We defined a healthy lifestyle as one associated with normal BMI (18.5-23.9 kg/m2), no smoking, no alcohol consumption, a moderate level of physical activity (2-3 quartiles of MET), and healthy diets (lowest quartile score in meat dietary pattern). The lifestyle index scores ranged from 0 to 5, with lower scores indicating higher adherence to healthy lifestyle. Alternatively, a weighted lifestyle score was then derived by using the percentage of the β coefficient to the sum of the β coefficients of each lifestyle factor in the Cox proportional hazards regression model, with all 5 lifestyle factors and adjustment for age, sex, education, household income, and total energy intake, and the first 10 principal components of ancestry and hyperuricemia as an outcome.
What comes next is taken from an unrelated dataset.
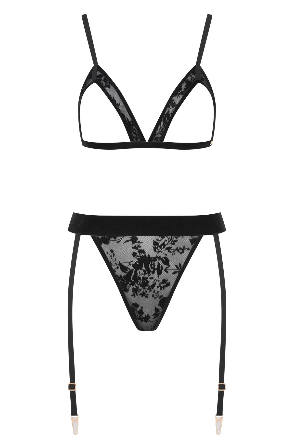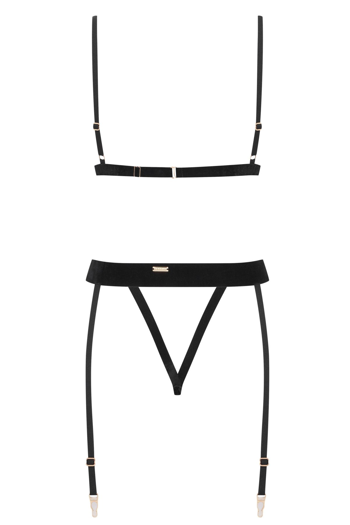 Erotický komplet Zeal ztělesňuje dokonalou rovnováhu mezi elegancí a odvahou. Jemná, průsvitná tkanina s lesklými akcenty se ladně přizpůsobí tělu a zvýrazní jeho křivky. Podprsenka s kosticemi působí subtilně, ale jistě zdůrazňuje dekolt, zatímco páskové detaily kalhotek a podvazkového pasu dodávají celku dráždivý, moderní charakter. Zlaté doplňky vnášejí do vzhledu špetku luxusu. Tento komplet je navržen pro ženy, které chtějí vyzařovat sebedůvěru a zanechat nezapomenutelný dojem.

The weighted lifestyle score ranged from 0 to 100 and was categorized as healthy (quartile 1) and unhealthy (quartile 2-4).
Illumina Asian Screening Array was used to genotype genomic DNA samples isolated from peripheral blood leukocytes; eventually, we identified the genotypes of 743,722 SNPs from 3778 participants. After stringent quality control filtering, we excluded: 1) individual call rate <98%; 2) SNP genotype call rates with <98% completeness; 3) minor allele frequency <1%; 4) Hardy–Weinberg equilibrium tests with value of P <1 × 10−6; 5) a mismatch between genetic and reported sex; 6) duplication of genetic data; 7) extremely low or high heterozygosity (>3 standard deviations from the mean); 8) SNPs in sex chromosomes or mitochondrial DNA.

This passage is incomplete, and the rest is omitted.